I have a dataframe in pandas that looks like this:
>>> df[['BranchNumber', 'ModelArticleNumber', 'ActualSellingPrice']].info()
<class 'pandas.core.frame.DataFrame'>
Index: 447970 entries, 0 to 500734
Data columns (total 3 columns):
# Column Non-Null Count Dtype
--- ------ -------------- -----
0 BranchNumber 447970 non-null int64
1 ModelArticleNumber 447970 non-null object
2 ActualSellingPrice 447970 non-null float64
dtypes: float64(1), int64(1), object(1)
memory usage: 13.7+ MB
Given that there are 463 unique branch numbers and 5,235 model article numbers, I'd like to create a 463x5,235 sparse matrix with indices. The following kludge is how far I've gotten:
import numpy as np
import scipy
def index(df):
ix = { v: n for n, v in enumerate(df.unique()) }
return np.array(list(map(lambda value: ix[value], df)))

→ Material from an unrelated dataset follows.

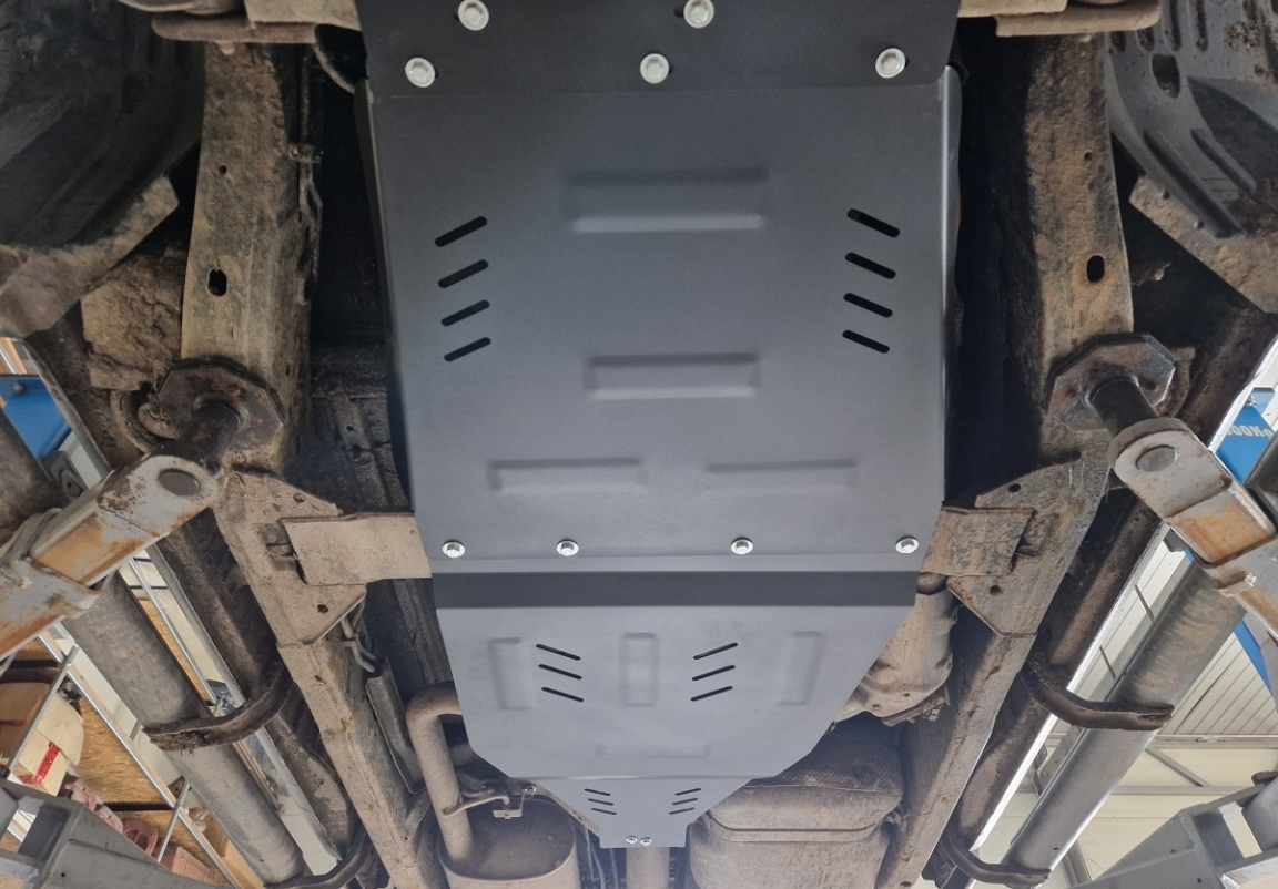Le cache métallique protège: la boîte de vitesses, boite de transfert Le cache de protection est réalisé en Acier thermolaqué avec une épaisseur de 3 mm. Vis, écrous, pinces, tous les accessoires de fixation sont inclus. Toutes les plaques de protection sont revêtues de poudre pour prévenir la corrosion. L'extérieur de la plaque de protection est doté de renforts en Acier thermolaqué, ce qui augmente la résistance aux chocs. |

def csr(df, row_tag, col_tag, value_tag):
m = scipy.sparse.csr_matrix(
(
df[value_tag],
(
index(df[row_tag]),
index(df[col_tag])
)
)
)
return m
I'd like to be able to do things like m.T.dot(m) efficiently, and retain the ability to see which key is associated with the rows and columns. I've looked through the documentation on pandas indices and arrays, and through the scipy docs on sparse matrices, and I'm just not there. Can somebody point me in the right direction?